No es el grito de quien está siendo destruida. Es el grito de quien prioriza que Charlie se levante, que se tape, que “arreglen” la situación antes de que los descubran. La frase implica —aunque sea de forma oblicua— que Susan intuye la presencia del segundo hombre y que su rechazo se vuelve más urgente precisamente porque él está ahí. Como si dijera: con este todavía puedo gestionar algo; con el otro, de plano no.
El filme no le concede ni siquiera en ese momento la posibilidad de ser solo víctima. Sigue obligándola a “manejar” la situación, a discriminar, a conservar un resto de agencia selectiva dentro de su propia destrucción.
### La otra “perra que se lo buscó”
El remake no se conforma con una sola mujer marcada por la provocación. Necesita dos.

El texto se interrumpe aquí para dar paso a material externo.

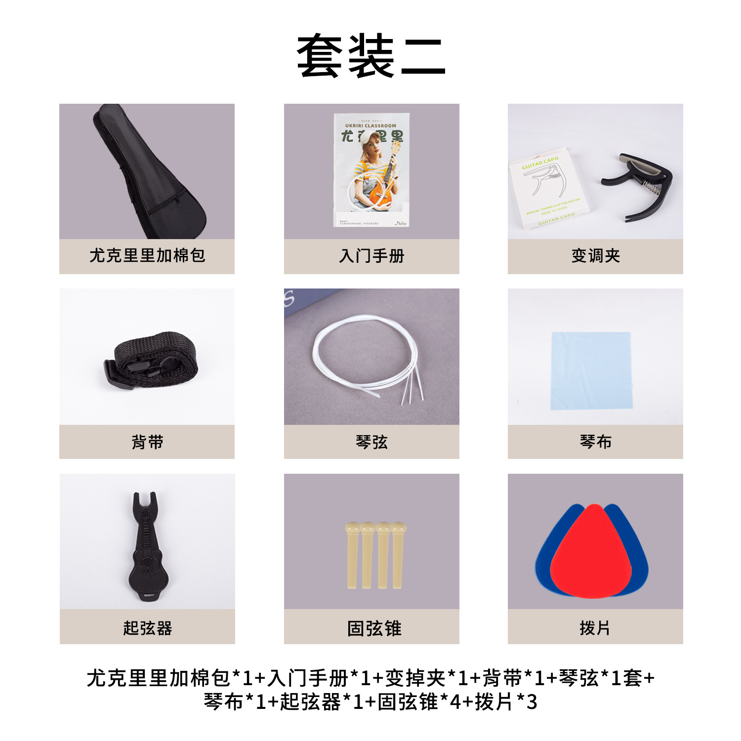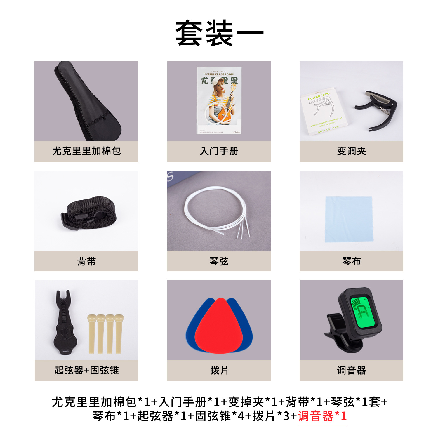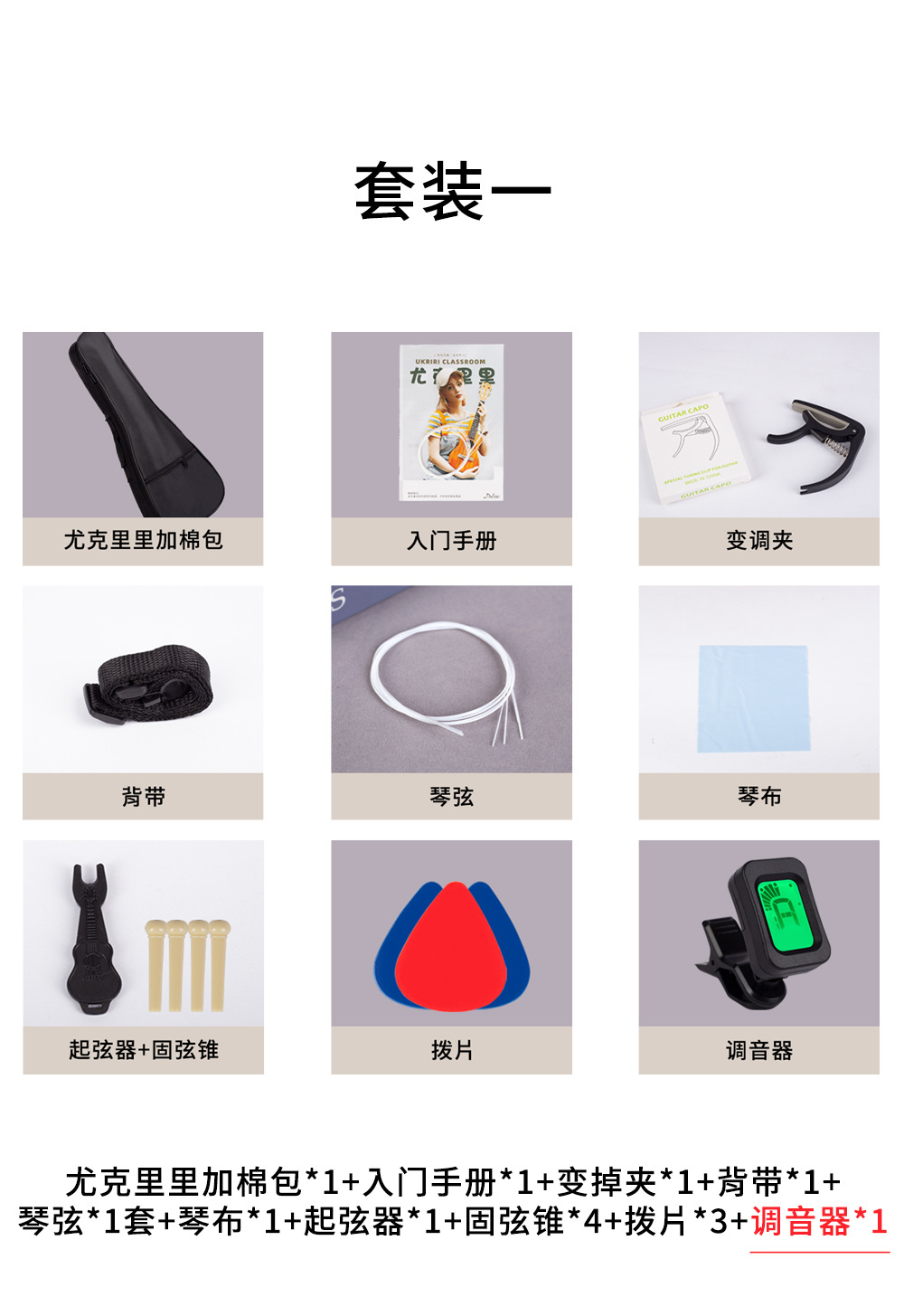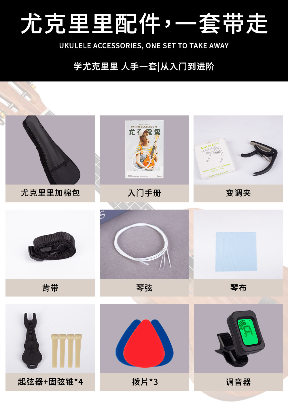 尤克里里配件全套乐器套装调音器变调夹琴弦尤克里里琴包套餐礼包

La subtrama de la hija del coach funciona como eco y confirmación. La chica seduce deliberadamente al “tonto del pueblo”, sabiendo perfectamente el odio y el rechazo que ese hombre genera en el resto de los hombres del lugar. El gesto no es inocente ni impulsivo: es una provocación consciente dentro de un entorno hipermasculino y violento. Cuando la situación escala y termina en la muerte accidental, el relato vuelve a dejar abierta la misma puerta que ya había abierto con Susan:
Ella sabía lo que hacía.
Ella provocó.
Ella se metió donde no debía.
En el fondo, se lo buscó.
Es la misma lógica moral distribuida en dos cuerpos femeninos distintos. Las mujeres del relato no son solo víctimas de un pueblo brutal: son catalizadoras. Su deseo, su coqueteo o su desafío se presentan como la chispa que enciende la violencia masculina, nunca como algo que exista de forma autónoma o legítima. El hombre reacciona; la mujer detona.
### El verdadero problema
Susan no es una “mala mujer” porque provoque o porque su respuesta durante la violación sea ambigua. Es una mujer a la que el relato le niega el derecho a la victimización pura. Peckinpah y el remake necesitan que ella —y la hija del coach— carguen con una parte de la culpa para que la violencia no sea solo monstruosa, sino también “complicada”, “moralmente gris”, “interesante”.
Esa es la operación más fría: no basta con violarla o con hacer que la otra muera en el fuego que ella misma encendió. Hay que hacerlo de tal manera que el espectador pueda seguir preguntándose si ellas, en algún nivel, lo buscaron, lo permitieron o lo modularon.
En la lógica de esta serie, Susan ocupa un lugar especialmente oscuro. No es solo mal interpretada por el público (como Summer o Jenny). Es escrita y filmada para que la duda sobre su complicidad quede instalada incluso mientras la están destrozando. El cine no se limita a mostrar su violación: la organiza para que nunca pueda ser solo eso. Y para que no quede duda, le añade una segunda mujer que también “se lo buscó”.
Susan no fue una provocadora que se pasó de la raya.
Fue una mujer a la que el relato necesitaba seguir culpando para no tener que mirar de frente la monstruosidad que le estaba infligiendo.